(TASK TO CARRY OUT) In the entries below, repeat only the lines between those holding "接著,打開你的iPhone上" and "6号早上八点钟,志愿者来到校", inclusive. Leave pictures out.

(SOURCE MATERIAL)
◆ ◆ ◆ ◆ ◆ ◆ ◆
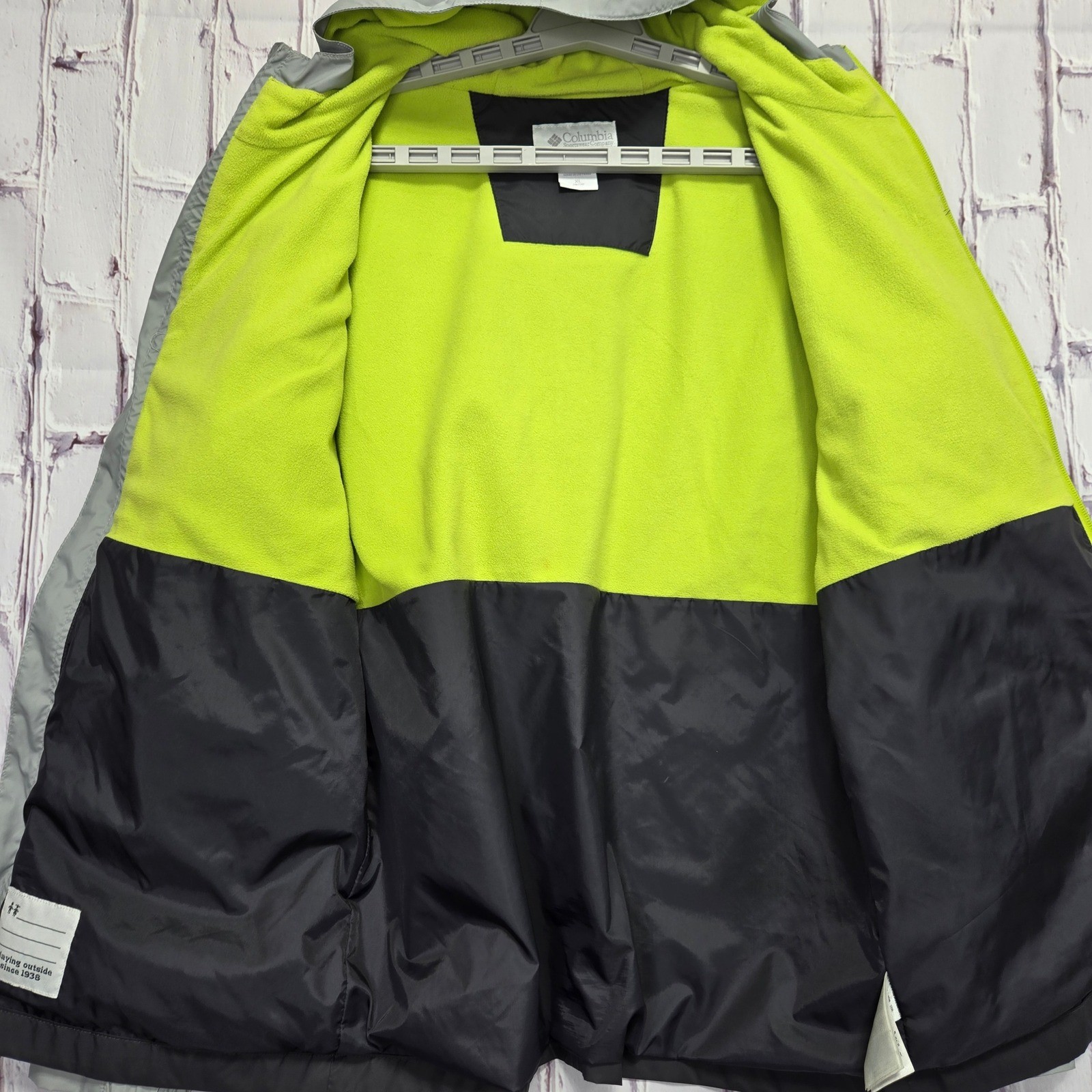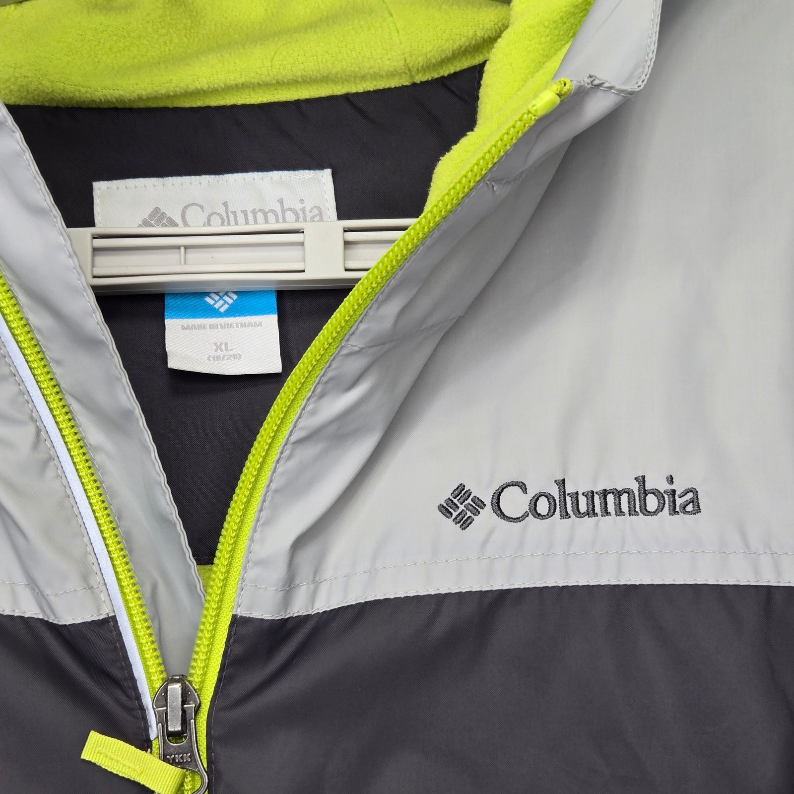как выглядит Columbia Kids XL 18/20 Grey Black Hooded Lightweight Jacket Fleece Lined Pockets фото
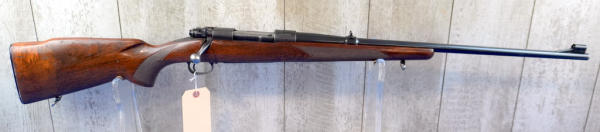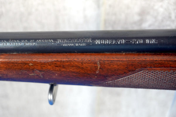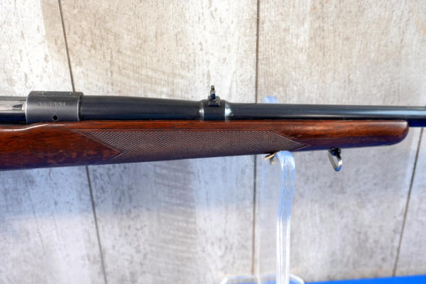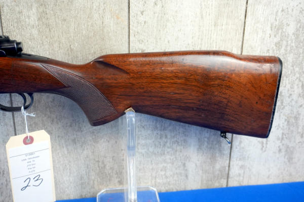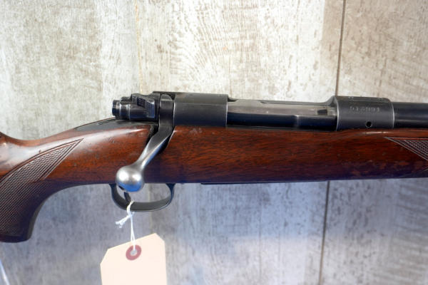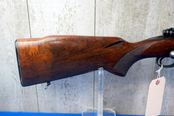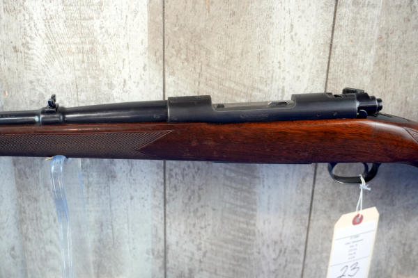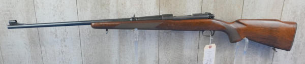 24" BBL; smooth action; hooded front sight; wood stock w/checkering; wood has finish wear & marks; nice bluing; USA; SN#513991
◆ ◆ ◆ ◆ ◆ ◆ ◆
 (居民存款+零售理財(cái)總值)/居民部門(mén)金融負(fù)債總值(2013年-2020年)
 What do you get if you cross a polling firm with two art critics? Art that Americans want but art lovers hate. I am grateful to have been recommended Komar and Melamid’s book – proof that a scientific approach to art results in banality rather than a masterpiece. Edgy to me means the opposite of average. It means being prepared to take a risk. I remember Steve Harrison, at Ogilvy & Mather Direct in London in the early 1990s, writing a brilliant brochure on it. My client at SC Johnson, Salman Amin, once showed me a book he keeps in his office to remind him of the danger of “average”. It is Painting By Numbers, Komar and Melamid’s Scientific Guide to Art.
◆ ◆ ◆ ◆ ◆ ◆ ◆
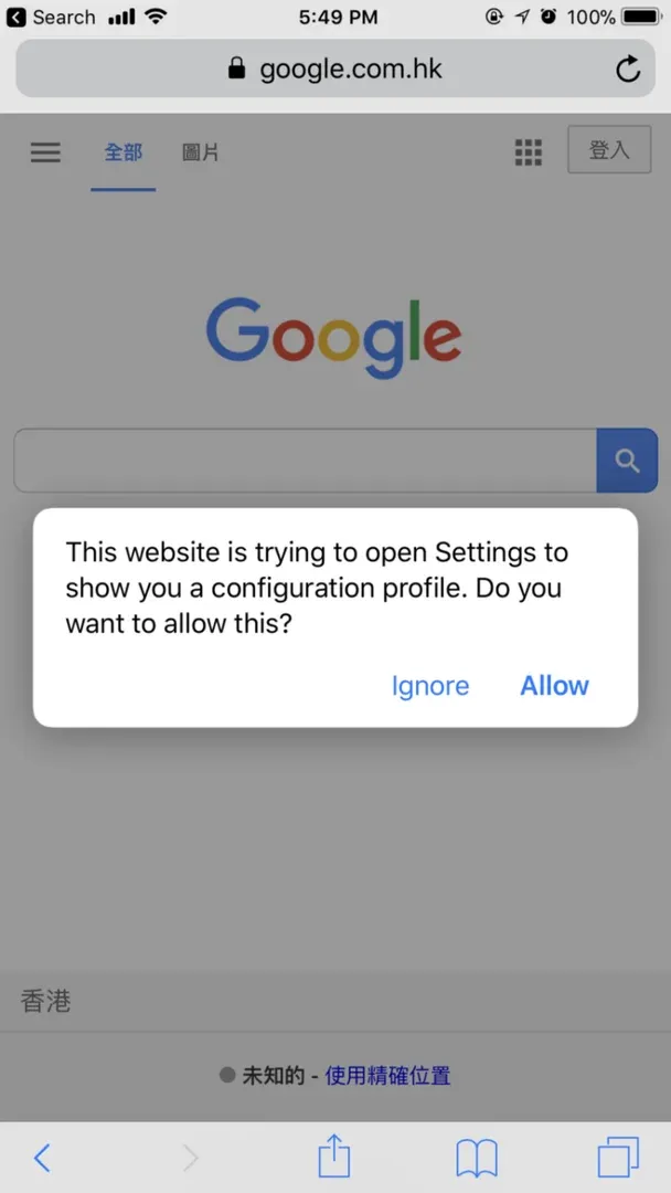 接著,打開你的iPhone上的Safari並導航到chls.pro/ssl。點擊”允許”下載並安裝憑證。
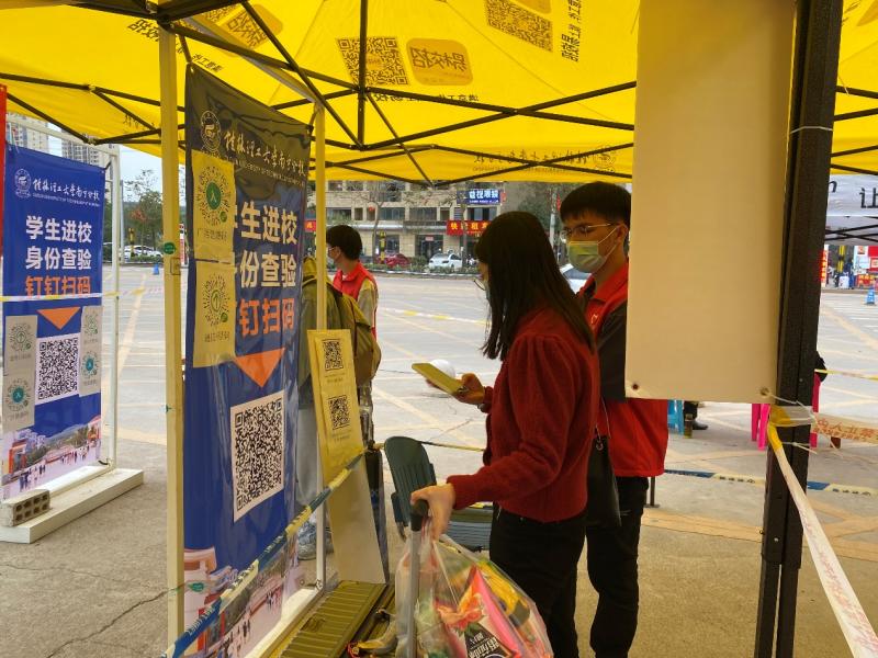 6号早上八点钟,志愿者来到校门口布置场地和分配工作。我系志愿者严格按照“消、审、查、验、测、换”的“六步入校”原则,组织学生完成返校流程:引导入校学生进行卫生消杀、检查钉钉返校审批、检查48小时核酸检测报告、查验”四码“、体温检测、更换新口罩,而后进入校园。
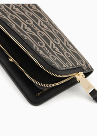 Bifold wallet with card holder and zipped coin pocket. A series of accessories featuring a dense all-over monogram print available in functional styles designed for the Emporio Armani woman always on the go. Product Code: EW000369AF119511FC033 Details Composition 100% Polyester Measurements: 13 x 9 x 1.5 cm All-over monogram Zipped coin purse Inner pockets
◆ ◆ ◆ ◆ ◆ ◆ ◆
(RESULT OF THE EXERCISE)
 接著,打開你的iPhone上的Safari並導航到chls.pro/ssl。點擊”允許”下載並安裝憑證。
 6号早上八点钟,志愿者来到校门口布置场地和分配工作。我系志愿者严格按照“消、审、查、验、测、换”的“六步入校”原则,组织学生完成返校流程:引导入校学生进行卫生消杀、检查钉钉返校审批、检查48小时核酸检测报告、查验”四码“、体温检测、更换新口罩,而后进入校园。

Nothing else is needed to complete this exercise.